The material below holds pictures; leave them out and reproduce exactly the lines from the one with "SHEIN Lady Valentine's" through the one with "Źródło: X (Twitter)Rada", inclusive.

START Data for this task

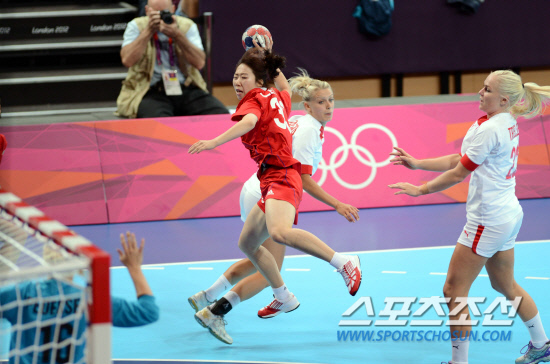 30일 오후(한국시간) 영국 런던 올림픽파크 내 코퍼 복스에서 열린 런던올림픽 핸드볼 여자 조별리그 B조 2차전 덴마크와의 경기에서 이은비가 슛을 날리고 있다.
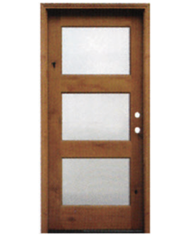 Modern Knotty Alder Wood Front Door with Three Frosted Glass Panels
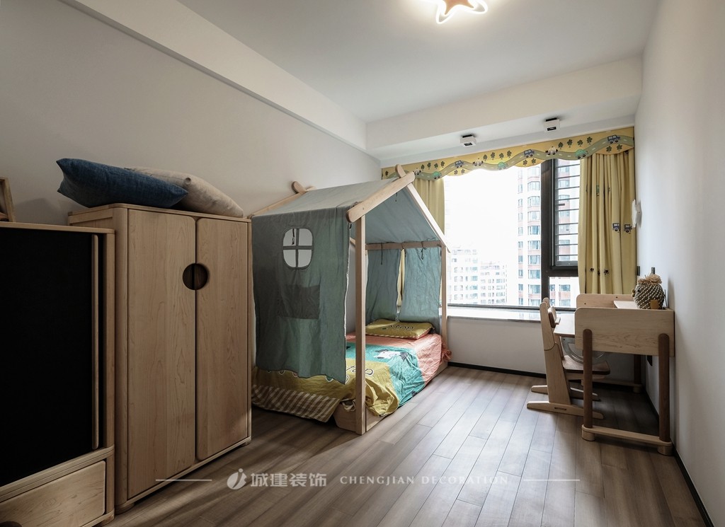 該區(qū)域一分為二,一側(cè)生活陽臺,設(shè)有洗衣柜與晾衣區(qū);一側(cè)儲物柜加地臺設(shè)計,增大儲物空間,也創(chuàng)造了孩子玩耍的空間。
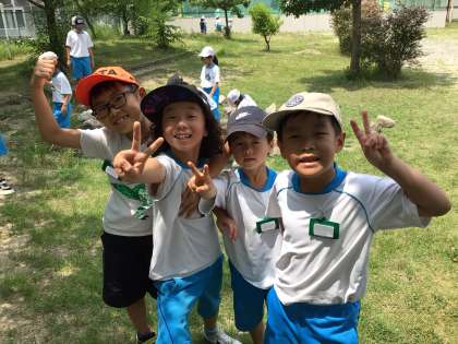 校庭に行ったら、子どもたちが遊んでいました。
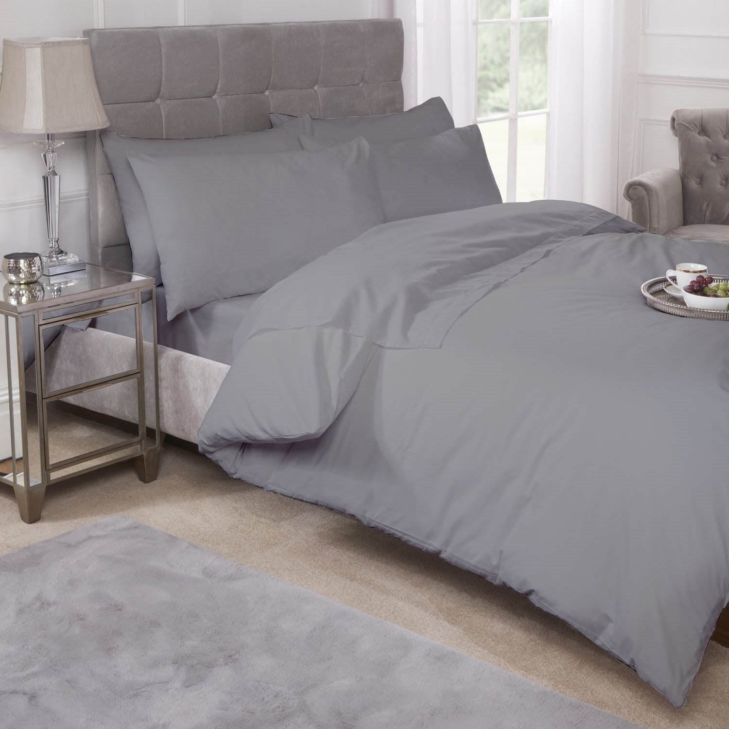 Percale Cotton Fitted Sheet Easy Care Non-Iron, Double, Silver Grey
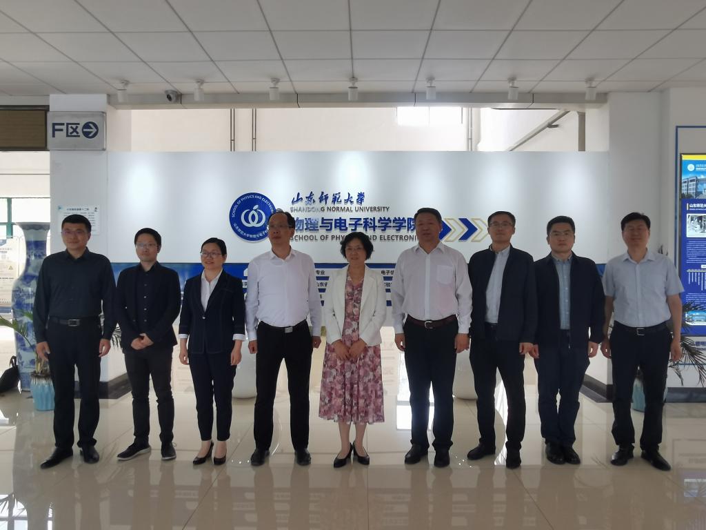 按照学校学习贯彻习近平新时代中国特色社会主义思想主题教育安排,切实加强调查研究,强化服务效能,提升优化服务育人水平,5月22日-23日,williamhill英国党委书记吴泉英、院长马春兰等一行5人赴山东师范大学物理与电子科学学院开展调研学习,实地走访科研实验室、师生办公室、团校工作室等,并围绕高质量党建、学科建设、师资队伍、教学科研、就业及国际化工作等内容召开调研座谈交流会。山东师范大学党委常委、副校长、物理与电子科学学院院长蔡阳健及物理与电子科学学院相关负责人出席座谈交流会。
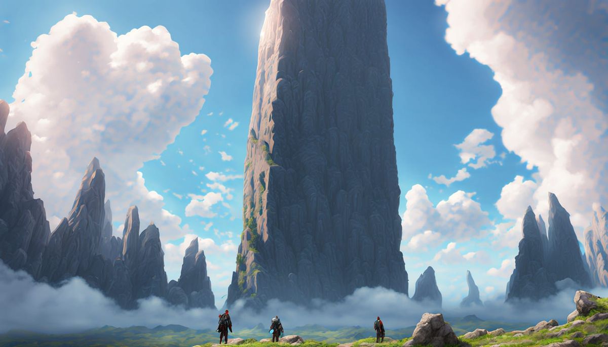 This image showcases a hyper-realistic, towering monolith piercing the sky. Rendered in a detailed 3D anime aesthetic, it features breathtaking concept art with ultrafine detail.
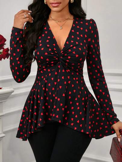 SHEIN Lady Valentine's Day/NEW YEAR Party /Versatile For Daily Wear At Work/Wear In All Seasons Women's Heart Graphic Twisted Front Long Sleeve Top - Multicolor - View 1
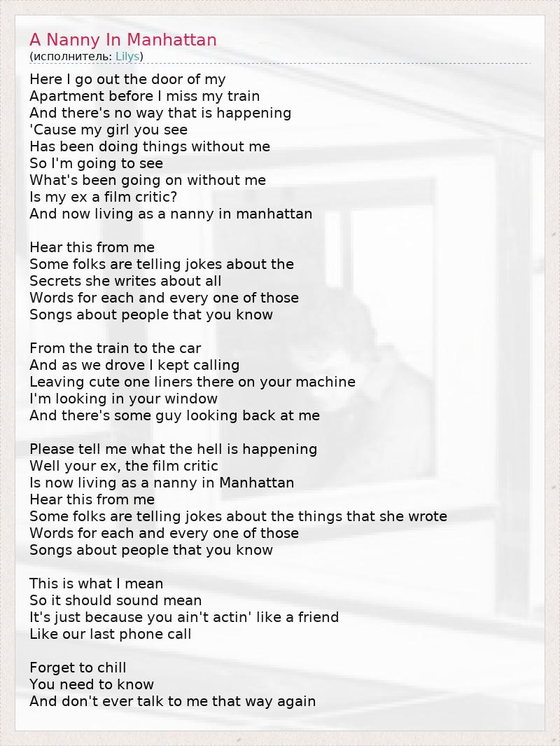 А как ты думаешь, о чем песня "A Nanny In Manhattan" ?
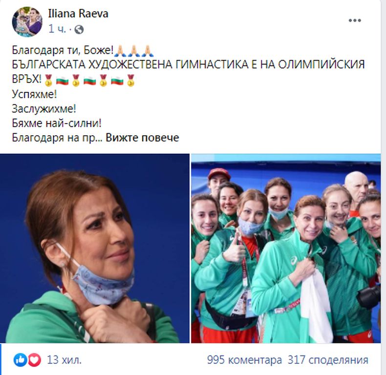 Изключително емоциоланел пост пусна Илиана Раева в профила си във "Фейсбук след златния медал за българските гимнастички. "Благодаря ти, Боже! БЪЛГАРСКАТА ХУДОЖЕСТВЕНА ГИМНАСТИКА Е НА ОЛИМПИЙСКИЯ ВРЪХ!
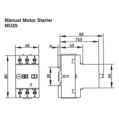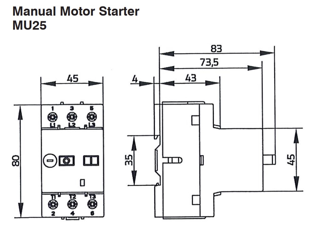 Benedikt håndbetjent motorvern MU25 (16-20A) for innendørs bruk. Beskytter motorer effektivt. Egensikker opp til 6,3A med en kortslutningsbryteevne på 50kA.
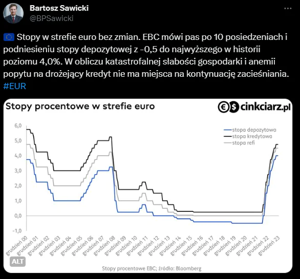 Źródło: X (Twitter)Rada Prezesów Europejskiego Banku Centralnego podkreśliła, iż ważne jest utrzymanie stóp procentowych na obecnym poziomie przez wystarczająco długi okres, aby zapewnić powrót inflacji do celu inflacyjnego który wyznaczono na poziomie 2%. W przyszłości decyzje dotyczące stóp będą dalej oparte na ocenie perspektyw inflacji oraz dotychczasowej dynamice inflacji bazowej.
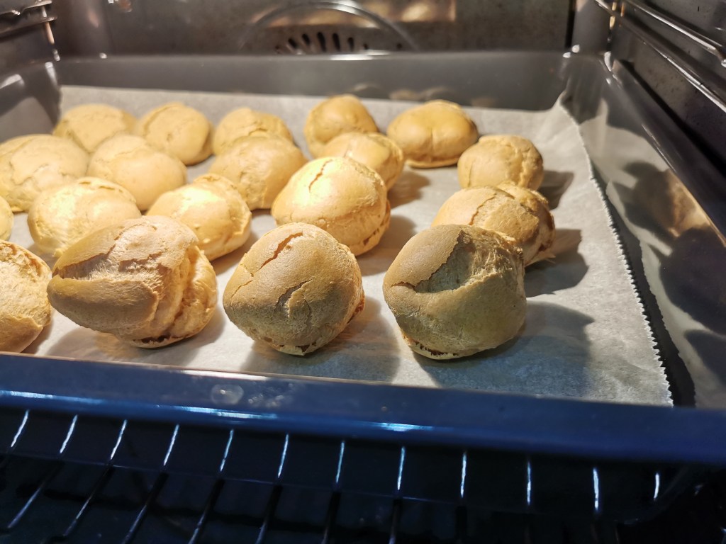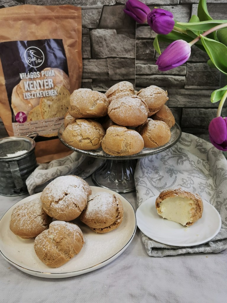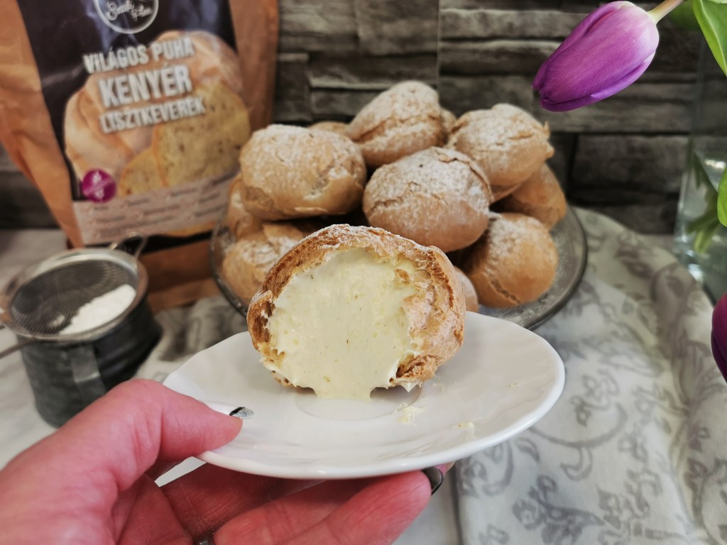 Ahogy kinyomtam a habzsákból a kis tészta halmokat a sütőpapírra, eszembe sem jutott, hogy ezek ekkorák lesznek. Simán lehetett volna belőle hagyományos módon töltött képviselőfánk, de mi már a profiterolra voltunk rákészülve, szóval több falatos falatkák lettek brutál dózisú krémmel töltve. Talán ez az igazi dolce vita… Szerintem. És a kamaszom szerint, aki azt mondta, hogy na ebbe pont bele tudna fulladni. Szerintem a fotókon látszik a tészta és a krém aránya.

END Data for this task

Answer box ->
 SHEIN Lady Valentine's Day/NEW YEAR Party /Versatile For Daily Wear At Work/Wear In All Seasons Women's Heart Graphic Twisted Front Long Sleeve Top - Multicolor - View 1
 А как ты думаешь, о чем песня "A Nanny In Manhattan" ?
 Изключително емоциоланел пост пусна Илиана Раева в профила си във "Фейсбук след златния медал за българските гимнастички. "Благодаря ти, Боже! БЪЛГАРСКАТА ХУДОЖЕСТВЕНА ГИМНАСТИКА Е НА ОЛИМПИЙСКИЯ ВРЪХ!
 Benedikt håndbetjent motorvern MU25 (16-20A) for innendørs bruk. Beskytter motorer effektivt. Egensikker opp til 6,3A med en kortslutningsbryteevne på 50kA.
 Źródło: X (Twitter)Rada Prezesów Europejskiego Banku Centralnego podkreśliła, iż ważne jest utrzymanie stóp procentowych na obecnym poziomie przez wystarczająco długi okres, aby zapewnić powrót inflacji do celu inflacyjnego który wyznaczono na poziomie 2%. W przyszłości decyzje dotyczące stóp będą dalej oparte na ocenie perspektyw inflacji oraz dotychczasowej dynamice inflacji bazowej.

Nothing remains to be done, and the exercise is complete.